Tuesday, January 24, 2006

Lethal Networks

Berkowitz, in his book “The New Face of War” speaks of the influence of technology over modern warfare. In the information age, victory will go to the side that has the most influence over technology and its networks. If the U.S. isn’t the one to dominate these information networks, somebody else will.

Legislators and business executives need to have an altruistic sense of purpose that keeps the nation’s goals in mind.

Some believe that Al Qaeda is a rag-tag loose confederation of sloven camel jockeys who happened to just score big on 9-11. Nothing could be further from the truth. The founder, Osama bin Laden is the son of a construction magnate and an engineer. Many of the disaffected youth in Al Qaeda were college educated in the United States. Al Qaeda used exceptional Operational Security, particularly since the press has ratted out U.S. intelligence satellite eves dropping.

History will see Osama Bin Laden as the first military commander to utilize modern technology to level the playing field with U.S. forces. The following are parallels between Al Qaeda and Special Forces in Afghanistan;

1) Both use encrypted communications.
2) Both use small covert teams.
3) Both are controlled by a central command hundreds to thousands of miles away.
4) Both use ‘fuel air’ explosives.
5) Both leaders took refuge underground when under attack.
6) Both are foreigners relying on locals for information and support.

Berkowitz points out that technology is driving both sides to use the same tactics. He notes that the new combat organization is something different the Greek phalanx.

Al Qaeda managed to kill 3,025 Americans where the Japanese killed 2,403 at Pearl Harbor, and the Confederates killed 2,100 at Antietam.

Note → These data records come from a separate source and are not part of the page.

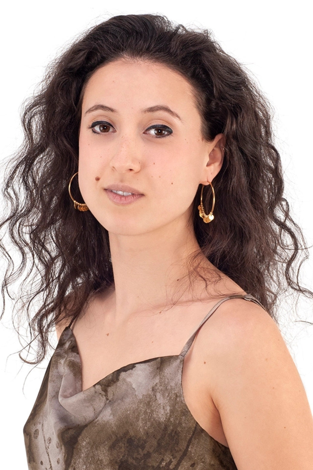 Sturdy lever back hoop with small brass circle dangles. 1.75" L x 1.5" W.
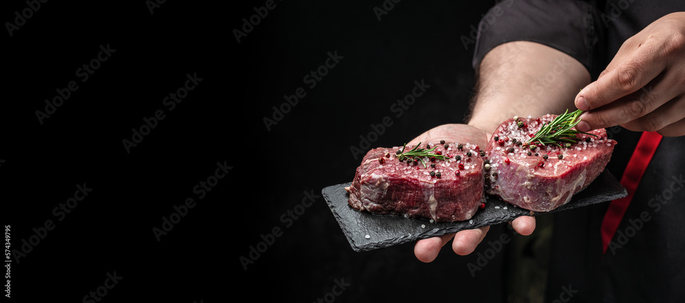 Tableau sur toile Beef medallions with rosemary and spices, Raw beef meat steak Tenderloin fillet on a dark background
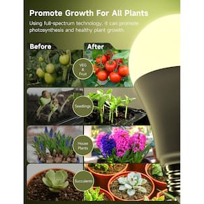 - LÂMPADA DE ESPECTRO COMPLETO: as lâmpadas de cultivo A19 apresentam um espectro completo de luz com um espectro de luz vermelho/azul semelhante ao sol l. Com luz l de 4000 K e CRI 95+, nossas lâmpadas de cultivo fornecem iluminação l e equilibrada que se integra bem a qualquer estética decorativa, exibindo seu jardim interno sem iluminação forte ou feia
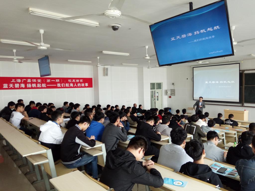 為大力開展校友工作,充分發揮校友榜樣示范作用,加強校企合作,匯聚合力培養航海人才。3月27日,上海廣嘉楊俊偉輪機長一行3人走進學生課堂,給同學們帶來一場主題為“藍天碧海 揚帆起航—我們航海人的故事”的精彩報告,2016、2017級學生代表參加活動。
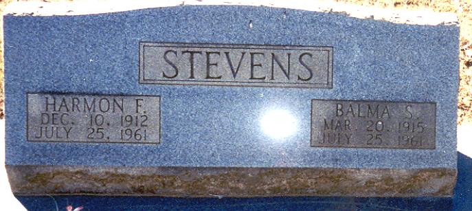 | Stevens, Harmon F. | Dec 10, 1912 | Jul 25 1961 | Double Stone with Balma S. Stevens | CS |
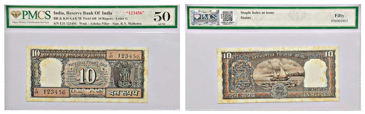 10 rupees, fancy number note, Boat series, ND (1985-90), signed by R.N. Malhotra, inset 'G', serial no.: E31 123456, J&R 6.4.8.7B.
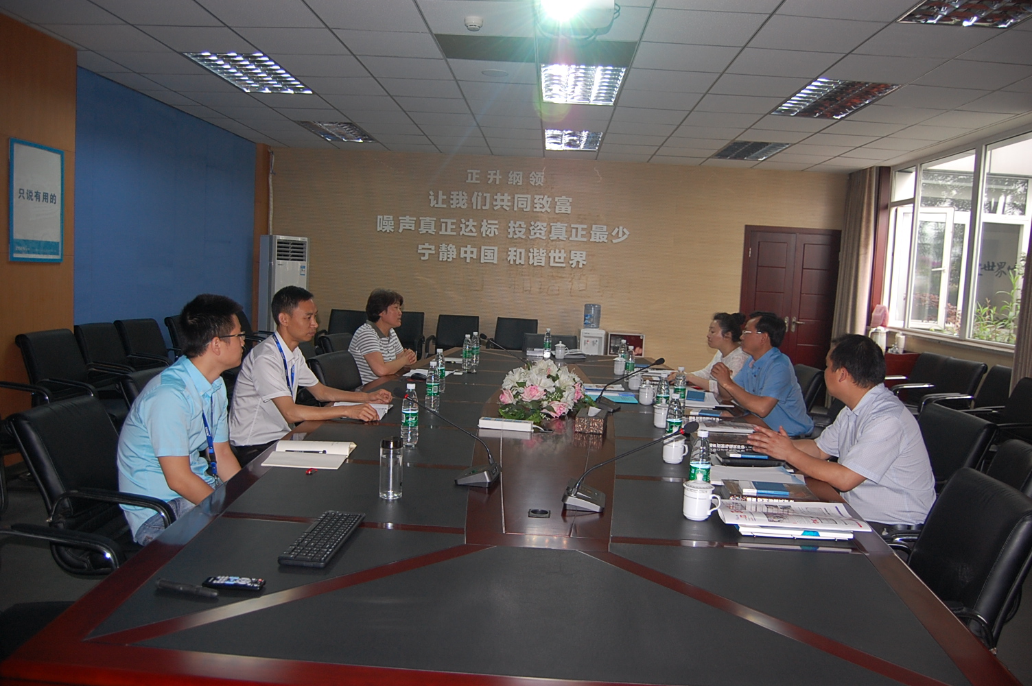 考察組先后考察了公司展廳、實驗室,詳細了解了公司的科普展報布置情況、科普內容設計、點位安排等事項。考察組尤其對公司混響室、消聲器動態測試平臺的體驗效果和科普效果給予了充分肯定。會議室的面對面溝通交流中,考察組分別聽取了副總經理賈荷香對噪聲科普教育基地未來的規劃、設計工程師李力克就公司戶外趣味噪聲科普教育基地的規劃。

The economic impact was in the hundreds of billions. Berkowitz calls it military genius, that a small group like AQ could fight at the same level of a nation-state. Afghanistan nearly became the first nation to sink a U.S. warship since WWII.

“The lesson: Today the ability to collect, communicate, process, and protect information is the most important factor defining military power. In the past armor, firepower, mobility defined military power, but now it often matters less how fast you can move or how much destructive force you can apply. Stealth trumps armor, precision trumps explosive force, and being able to react faster than your opponent trumps speed.”

“Osama bin Laden was a pioneer, and the September 11 strike was a demonstration. The basic ingredients for creating such a lethal network or combat organization are widely available. Many organizations have the global presence and skills required. They will learn the lessons and adopt similar tactics. The threat is not just Al Qaeda fundamentalism, or terror. The threat is a technology combined with an idea. Lethal networks are here to stay.”